In order to avoid skewing the analysis, we included only those studies where full mutation details were included in the published data and studies were excluded if they only listed driver mutations, or only listed genes which were mutated in more than one patient. We also only included samples where mutation calling was performed by comparison to a paired germline control to ensure the accuracy of mutation calling.
Choi et. al. only included a list of mutations in potential driver genes in their published work so their full mutation list was extracted from a data resource covering all the sequencing of cutaneous T-cell lymphoma. Mutations from the whole exome data of 403 patients were included in the analysis, a summary by study and disease subtype is provided in Table 1.

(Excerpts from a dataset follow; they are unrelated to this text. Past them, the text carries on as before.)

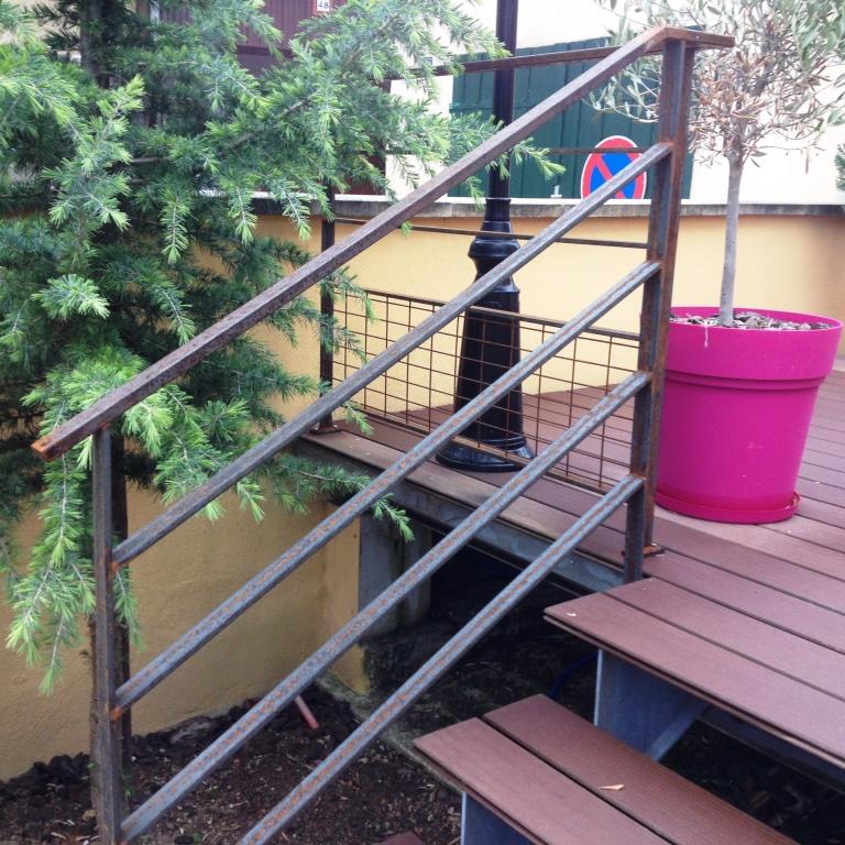 Réalisation d’un garde-corps de terrasse avec rampe d’escalier. Les éléments ont été pré-fabriqués en atelier puis assemblés par soudure tig sur place. Laissés brut pour une rouille naturelle.
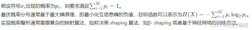 概率整形QAM通过改变各个星座点的使用概率,使得具有较低能量的符号出现得更频繁,从而降低整个系统的平均能量,进而提高信号的传输效率。这一过程实际上是对信号进行软决策前向纠错编码(FEC)之前的一种非均匀映射。概率整形的核心是利用非均匀的符号分布来逼近容量极限,通常采用高斯分布,因为高斯分布是最接近香农极限的分布。
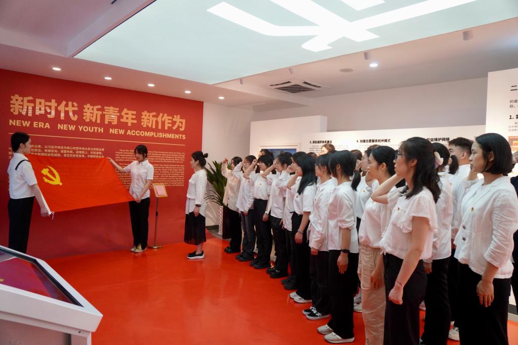 在杭州青年运动史馆内,鲜红的党旗熠熠生辉,新党员们面向党旗,神色庄重,右手握拳过肩,在党总支书记毕莹的带领下进行集体庄严宣誓,铮铮誓言铿锵有力,庄重承诺激荡回响,每一位党员都接受了一次深刻的党性教育和灵魂洗礼。
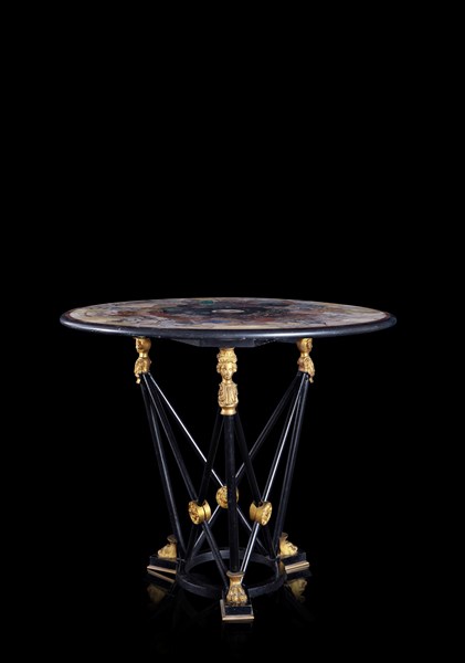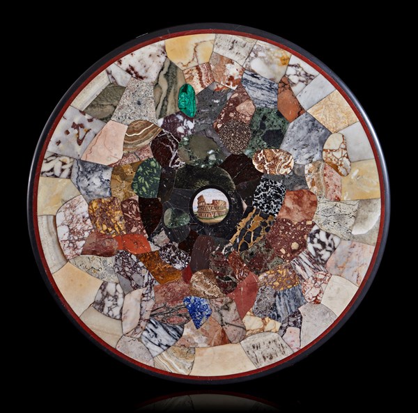Tavolino con piano in commesso di marmi centrato da micromosaico raffigurante il Colosseo (d. cm 57,5) Base tripode in bronzo brunito, gambe decorate all'attacco da busti e terminanti a piedi ferini in bronzo dorato (h. cm 55)
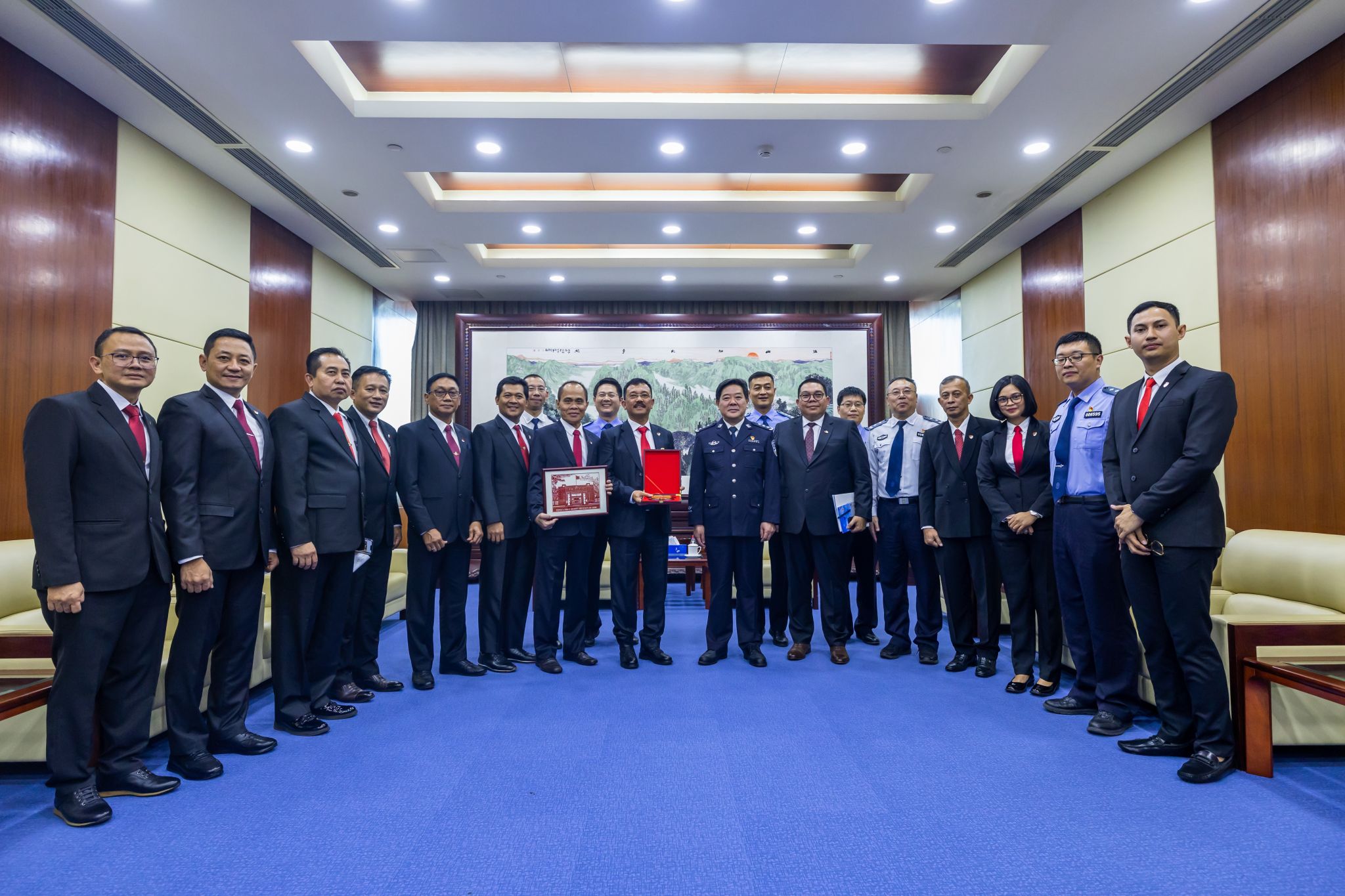 2023年10月10日,印度尼西亚国家警察总局教育培训局副局长里通加准将率团一行12人来校交流访问。校党委副书记、校长曹诗权在团河校区图书馆会见代表团。
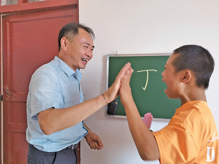 “m-a-ma,ma-ma!來,用你的小手感受老師的聲音。”孔建設(shè)一手拉著孩子的手放在自己的咽喉處,一手指著自己的嘴,讓孩子模仿自己的口型發(fā)音。這種也許我們在特殊學(xué)校才能看到的場景,就發(fā)生在丁書雷家里。由于智力有障礙,丁書雷無法入校隨讀。為培養(yǎng)孩子基本的溝通能力,孔建設(shè)帶領(lǐng)老師定期到丁書雷家里開展送教上門活動。“孔校長每次來都給孩子帶上一些零食、文具、衣服,孩子可喜歡他了?!倍椎膵寢尭嬖V記者,上了幾次課后,丁書雷慢慢能認(rèn)準(zhǔn)掛圖上的畫了。
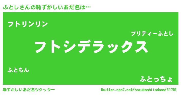 ふとしさんの恥ずかしいあだ名は… 『フトシデラックス』『フトリンリン』『ふとっちょ』 ツクッター #恥ずかしいあだ名ツクッター http://tkutter.nan7.net/hazukashiiadana/31702/
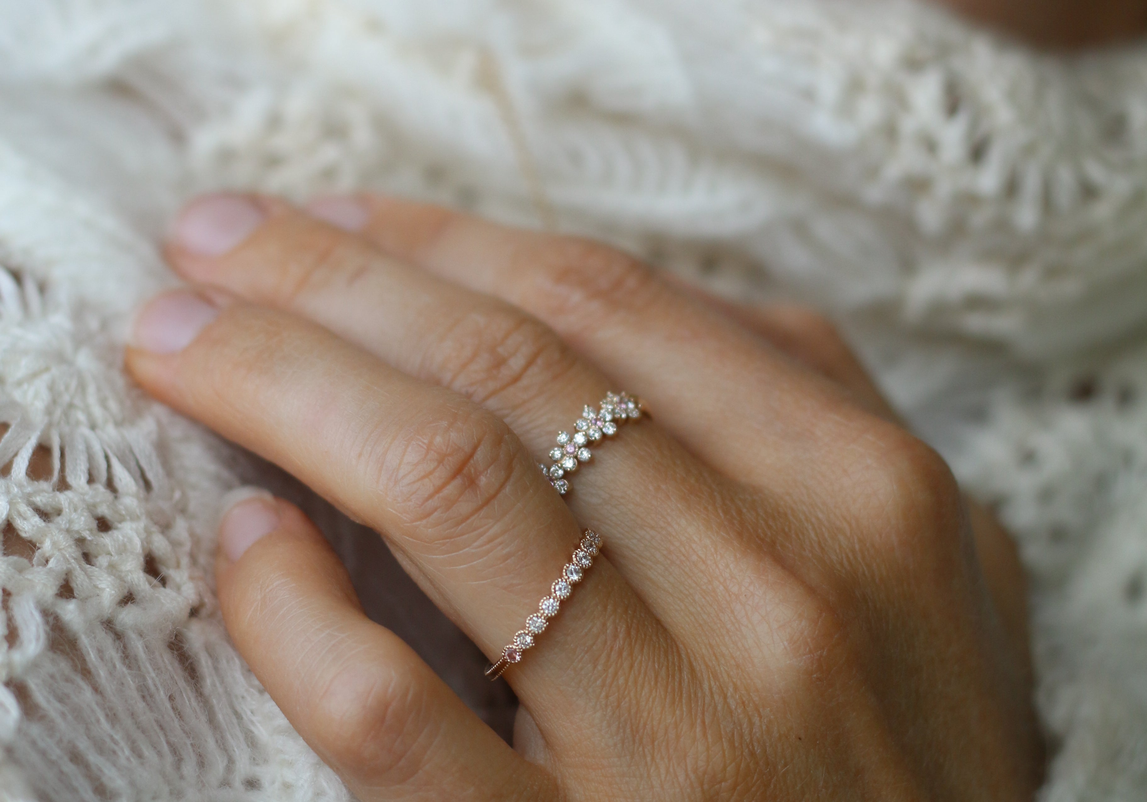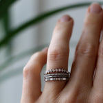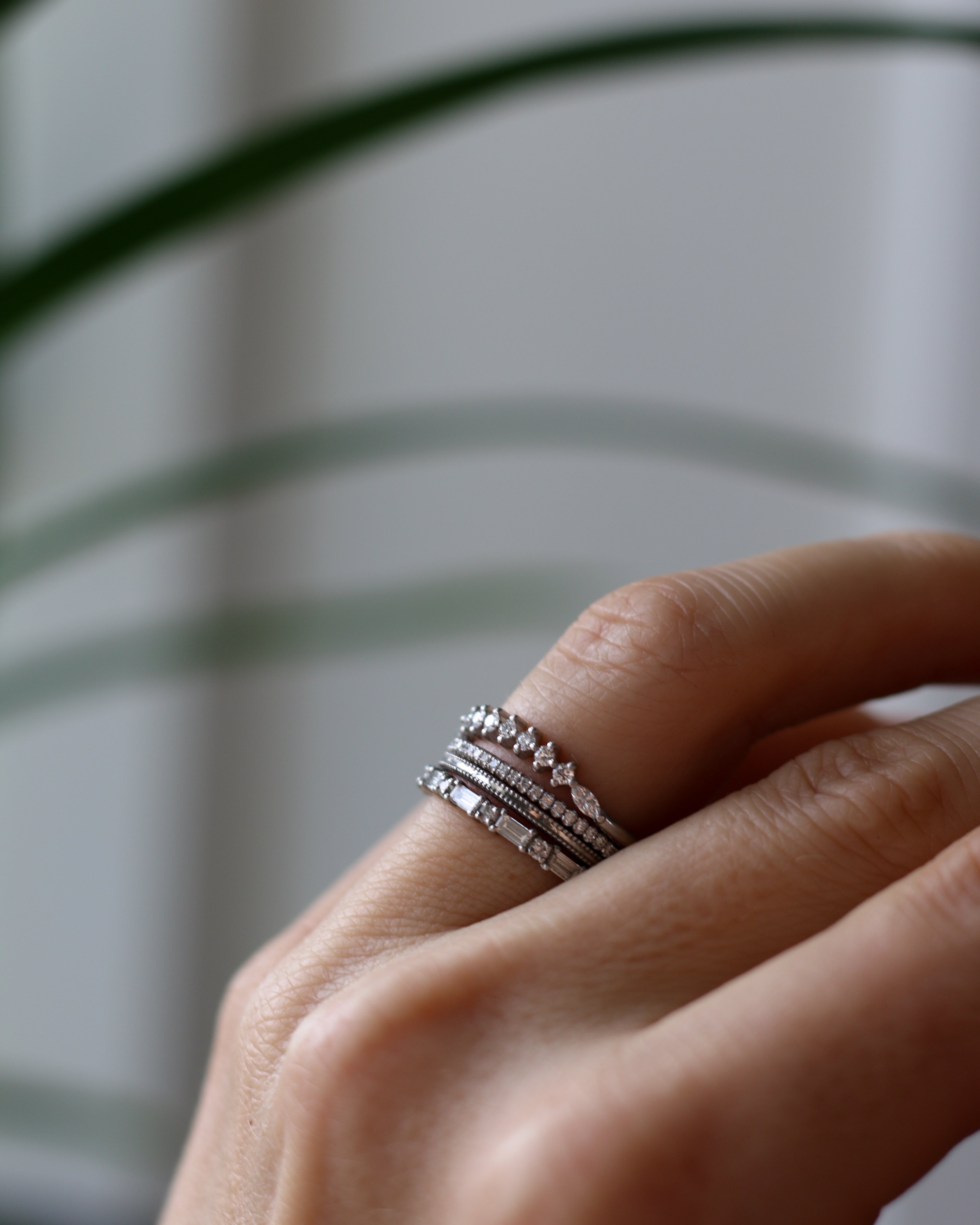 The minimalistic design plays with the contrast between soft and hard, and is easy to stack and combine with other rings.
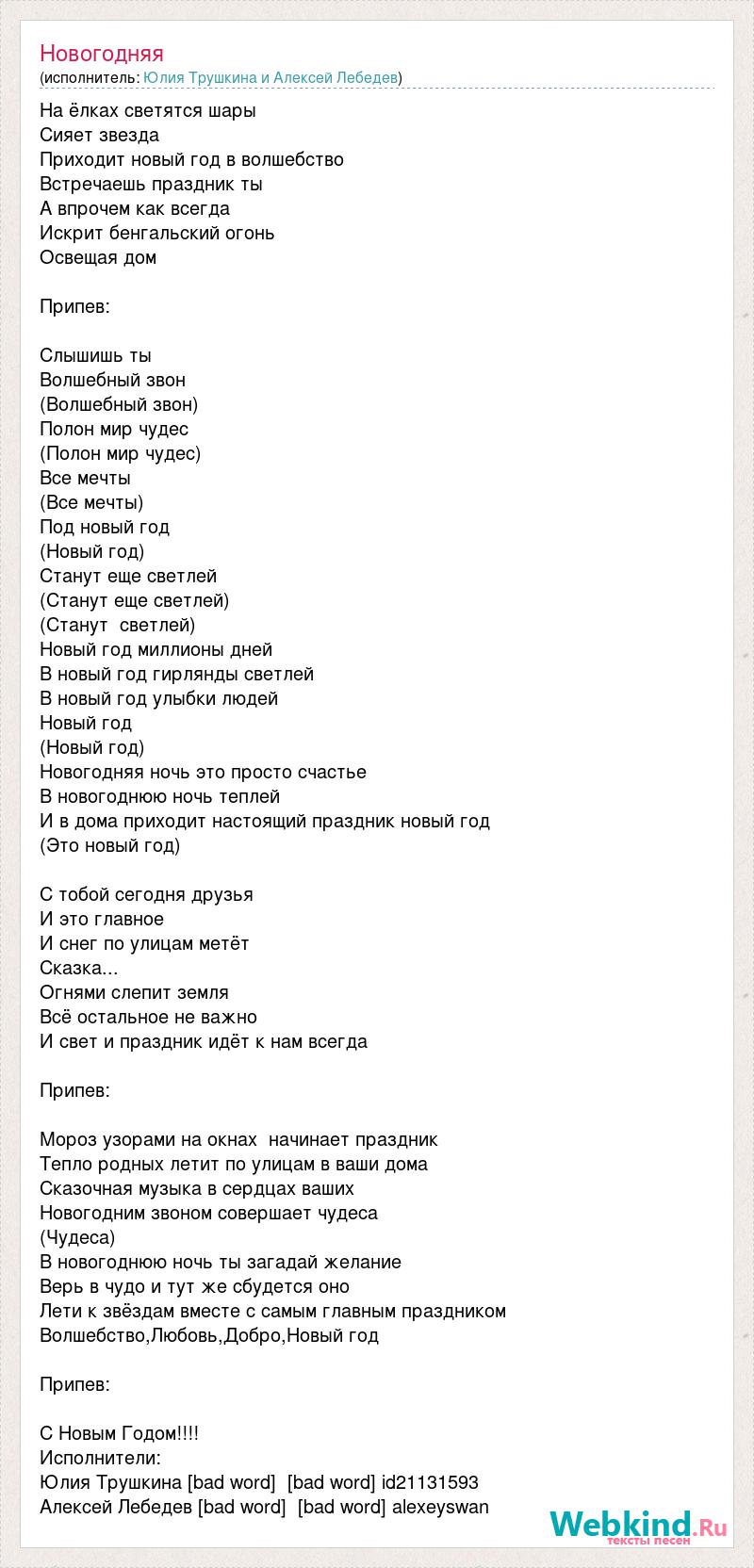 На ёлках светятся шары Сияет звезда Приходит новый год в волшебство Встречаешь праздник ты А впрочем как всегда Искрит бенгальский огонь Освещая дом Припев: Слышишь ты Волшебный звон (Волшебный звон) Полон мир чудес (Полон мир чудес) Все мечты (Все мечты) Под новый год (Новый год) Станут еще светлей (Станут еще светлей) (Станут светлей) Новый год миллионы дней В новый год гирлянды светлей В новый год улыбки людей Новый год (Новый год) Новогодняя ночь это просто счастье В новогоднюю ночь теплей И в дома приходит настоящий праздник новый год (Это новый год) С тобой сегодня друзья И это главное И снег по улицам метёт Сказка... Огнями слепит земля Всё остальное не важно И свет и праздник идёт к нам всегда Припев: Мороз узорами на окнах начинает праздник Тепло родных летит по улицам в ваши дома Сказочная музыка в сердцах ваших Новогодним звоном совершает чудеса (Чудеса) В новогоднюю ночь ты загадай желание Верь в чудо и тут же сбудется оно Лети к звёздам вместе с самым главным праздником Волшебство,Любовь,Добро,Новый год Припев: С Новым Годом!!!! Исполнители: Юлия Трушкина [bad word] [bad word] id21131593 Алексей Лебедев [bad word] [bad word] alexeyswan

Mutation lists were extracted from the supplementary tables of the various studies and combined in R. Where the reference assembly was not hg19, co-ordinates were lifted over using the rtracklayer package. Finally, co-ordinates were sense checked using the GenomicRanges and BSgenome.Hsapiens.UCSC.hg19 packages to ensure that the listed reference base corresponded to the given location.